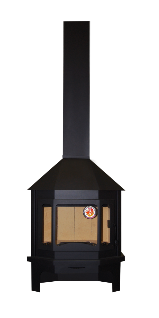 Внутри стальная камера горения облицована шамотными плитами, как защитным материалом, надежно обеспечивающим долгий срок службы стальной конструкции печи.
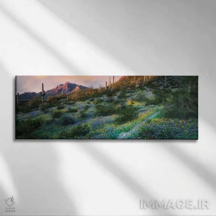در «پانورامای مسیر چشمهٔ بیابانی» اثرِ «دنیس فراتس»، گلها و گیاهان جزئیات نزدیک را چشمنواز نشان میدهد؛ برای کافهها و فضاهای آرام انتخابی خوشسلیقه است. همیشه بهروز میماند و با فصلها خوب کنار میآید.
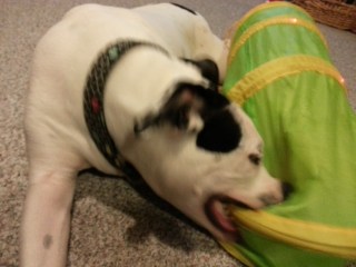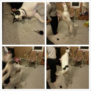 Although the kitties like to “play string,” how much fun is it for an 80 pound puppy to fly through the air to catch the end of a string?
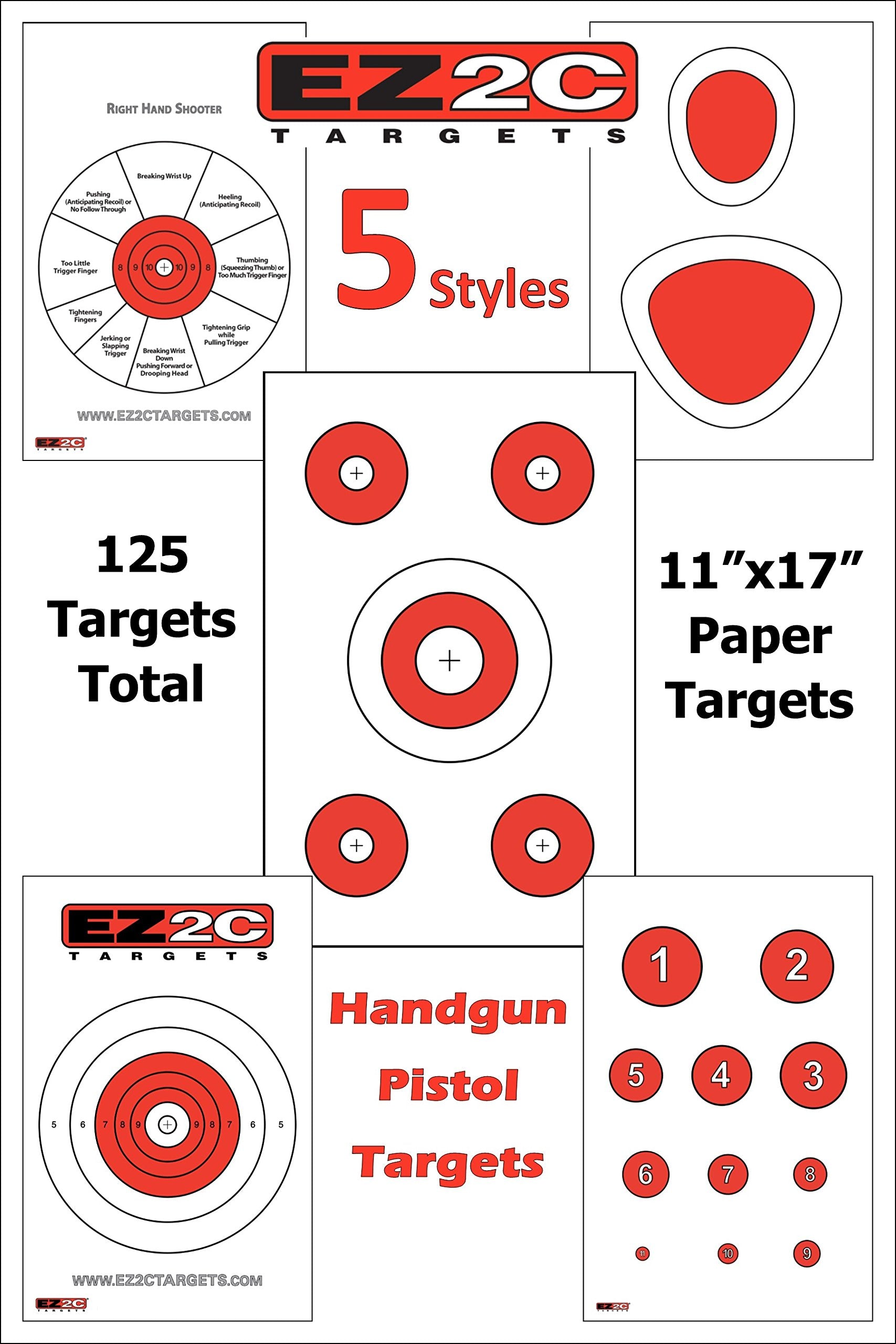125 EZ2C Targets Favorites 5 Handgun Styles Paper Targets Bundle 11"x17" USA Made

---

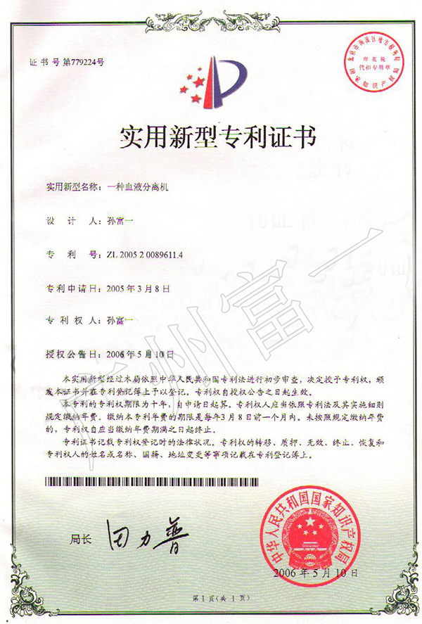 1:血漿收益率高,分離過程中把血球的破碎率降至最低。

> Try it:
Could the stretch from the line with "Although the kitties" through the line with "125 EZ2C Targets" in the listing above be restated word for word, minus the pictures?

> Your solution:
 Although the kitties like to “play string,” how much fun is it for an 80 pound puppy to fly through the air to catch the end of a string?
125 EZ2C Targets Favorites 5 Handgun Styles Paper Targets Bundle 11"x17" USA Made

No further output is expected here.